[Activity] Nothing but the text should be carried over: reproduce all the data exactly and leave out every image.

--- Recorded data Enclosed Below ---

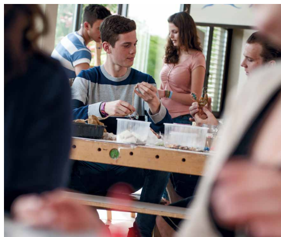
Kreativ-Projekte planen und durchführen
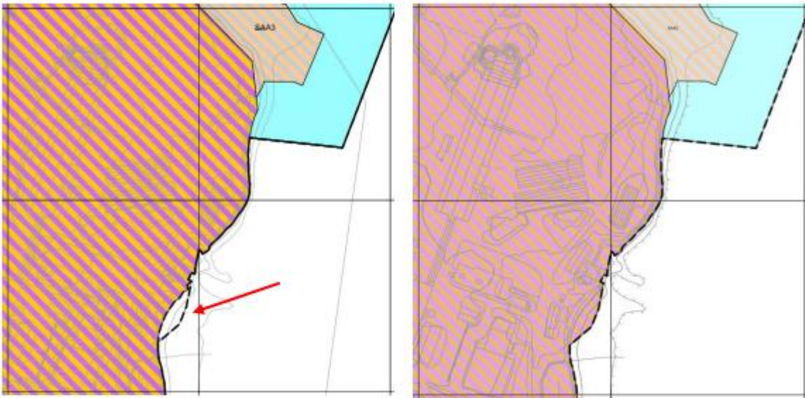
Figur 2: Utsnitt av gjeldende plankart (til venstre) og plankart til reguleringsendring (til høyre), hentet fra søknad.

Området som søkes innlemmet i plankartet er vist med svart stiplet strek i gjeldende plankart. Utvidelsen vil ha formålet BKB2, det samme som tilgrensede formål. Området som berøres av reguleringsendringen er avsatt til FFFN (Fiske-, ferdsel, friluftsliv- og naturområde) i kommunedelplan for Straumen, vedtatt 30.09.2010.
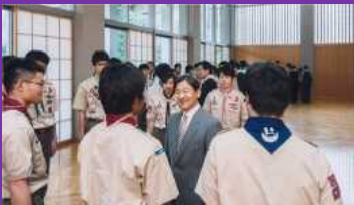
県連代表2名 東宮表敬訪問

--- End of Enclosed Recorded data ---

[Worked solution]
Kreativ-Projekte planen und durchführen
Figur 2: Utsnitt av gjeldende plankart (til venstre) og plankart til reguleringsendring (til høyre), hentet fra søknad.

Området som søkes innlemmet i plankartet er vist med svart stiplet strek i gjeldende plankart. Utvidelsen vil ha formålet BKB2, det samme som tilgrensede formål. Området som berøres av reguleringsendringen er avsatt til FFFN (Fiske-, ferdsel, friluftsliv- og naturområde) i kommunedelplan for Straumen, vedtatt 30.09.2010.
県連代表2名 東宮表敬訪問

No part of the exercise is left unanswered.